The web site for eastern Solent boat fishing

Author: Neville Merritt (Page 11 of 44)

Owner of www.boat-angling.co.uk and
www.arfordbooks.co.uk
Author of "Angling Boats"
Director of Pure Potential Development Ltd www.pure-potential.co.uk

Ray wings in a creamy sauce

You will need a large frying pan, and plenty of time because this will have to be done in batches. Quantities vary according to size and number of wings. You will need

  • Ray wings, trimmed and skinned (see below)
  • Plain Flour
  • Salt and Pepper
  • Butter and oil
  • Cream

Put a large lump of butter and some olive oil to heat in the pan. Dust the skinned wings in flour seasoned with salt and pepper, and shallow fry in the oil and butter until you can lift the flesh from the central bone. You will have to turn the wings over halfway through to cook both sides. Keep the wings warm while you do the next, and most important bit. Take a large slug of double cream (a small sized pot does two wings) and heat through in the pan, stirring to collect all the buttery, crumbly, fishy scrapings from your frying job. Don’t boil it, as soon as it looks hot and steamy, it’s done. Pour over your cooked wings and serve with potatoes and a green veg. The great thing is, this recipe is not at all scientific – no measurements to get wrong, if it looks like it needs more of anything, just give it more.

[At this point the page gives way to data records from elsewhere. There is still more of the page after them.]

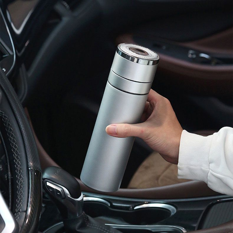 Les personnes qui conduisent souvent doivent absolument se procurer cette tasse isotherme indispensable. Elle est dotée d'un système à bouton-poussoir qui permet d'ouvrir le couvercle en une seconde sans avoir à le tourner à deux mains, et de le refermer en appuyant doucement dessus, ce qui rend son utilisation à une main plus sûre.
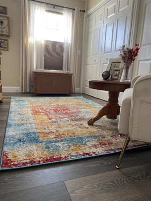 This rug is even more beautiful in person than the photos suggest! The colors are vibrant but not overbearing, and I love all the different hues from blues to orange, yellow, and red that are hinted throughout. I feel like the colors are compatible with almost anything, but without being an outright rainbow. The design is also beautiful because it is not abstract but not overly structured or patterned either so the result is something relaxing for the eyes: there is organization to the colors but not in an imposing way. I love this rug and everyone who has visited my home - men and women - love it too!
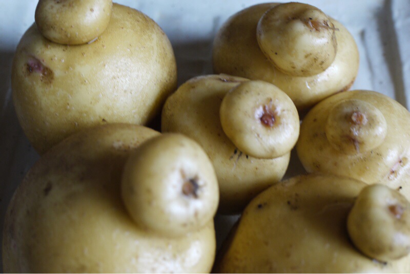 今日もじゃがいもの収穫をしました。面白いかたちのじゃがいもを見つけました。
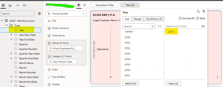 We are using the Year object under Time folder but if we use it all data seems lost, are we doing anythig wrong?
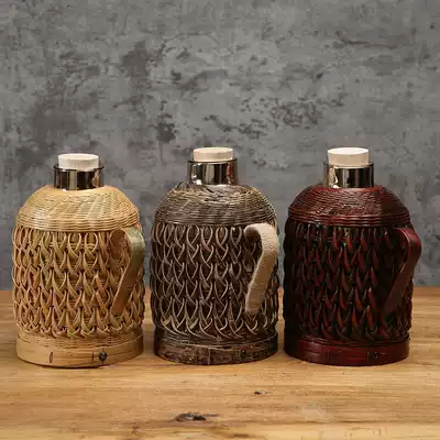 Handmade bamboo hot water bottle shell old-fashioned retro warm pot skin tea bottle warm bottle Kettle Teapot boiling water bottle cover home
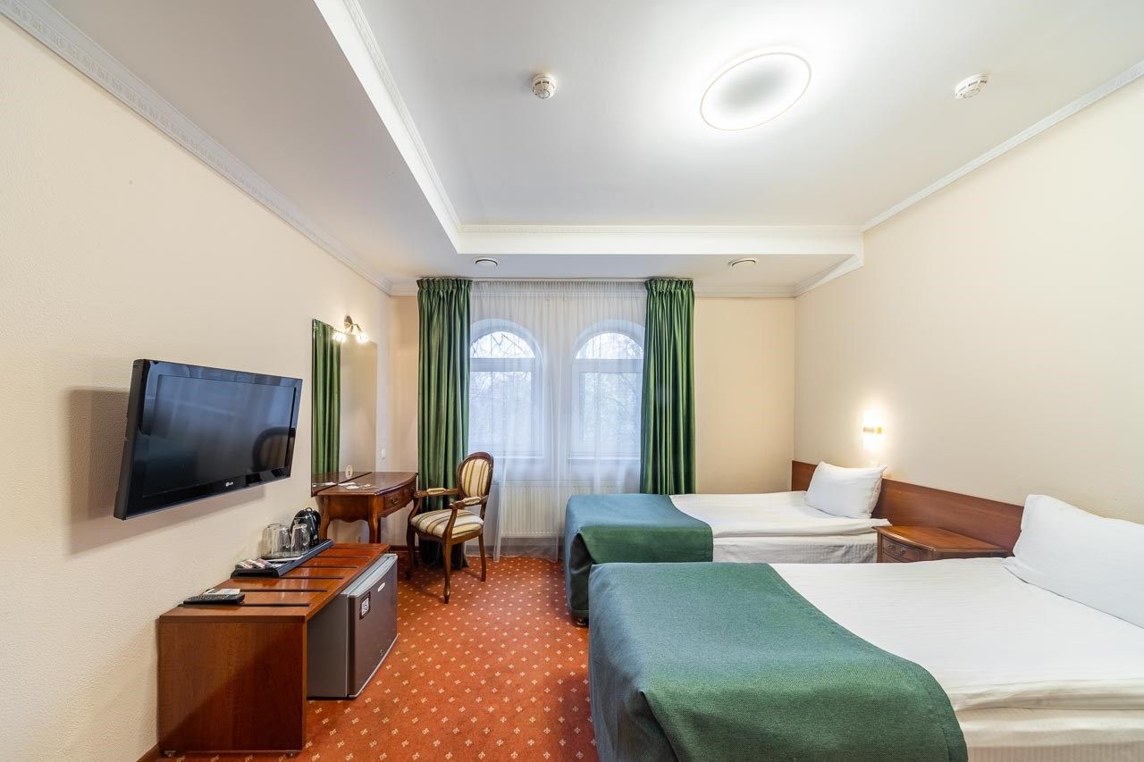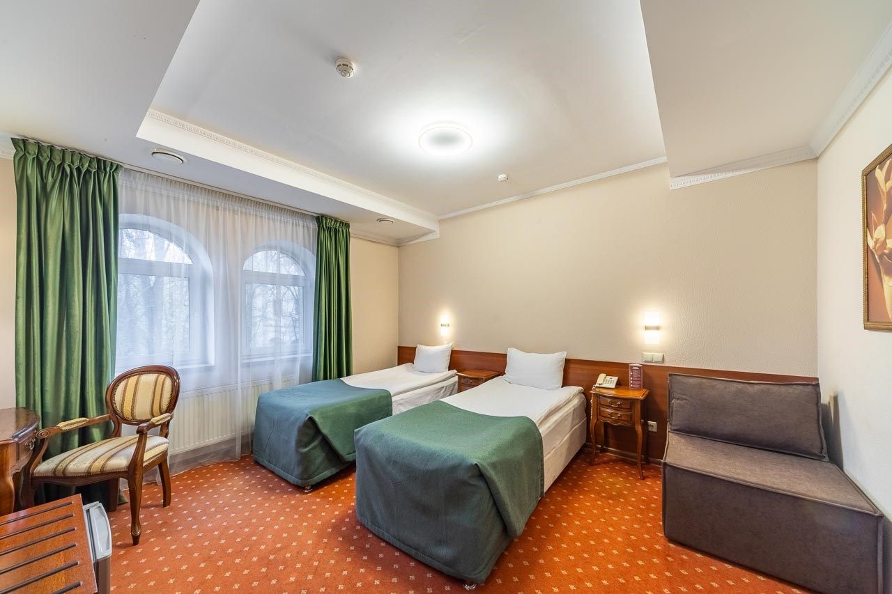 Улучшенный стандартный номер, вид из которого открывается на внутренний двор с садом или на тихую улицу. Для Вас: Wi-fi, система кондиционирования, ТВ, фен, мини-холодильник. Для комфортного отдыха номер оснащен двумя раздельными кроватями, с возможностью соединения в двухспальную кровать трансформер, с ортопедическим матрасом и гипоаллергенным бельем, просторной рабочей зоной с чайной станцие...

P.S. to skin a ray wing, dip in boiling water for a minute or two (same pan will do), no longer or it will start cooking. The skin will now scrape off easily with a blunt knife. Then carry on as above.

Quick and easy fishcakes

For four people you will need

  • 200g fish per person (800g): any boneless white fish or a combo with some cooked prawns, salmon fillet, even a mackerel fillet or smoked mackerel. Great for using up belly flaps, cod cheeks, and that stray rockling
  • 4 slices dry old white bread
  • 1 lemon
  • Handful of fresh parsley
  • Salt and pepper
  • Oil for cooking – veg oil or sunflower

This is a Jamie Oliver recipe and couldn’t be easier because you don’t need to faff with potato or egg wash.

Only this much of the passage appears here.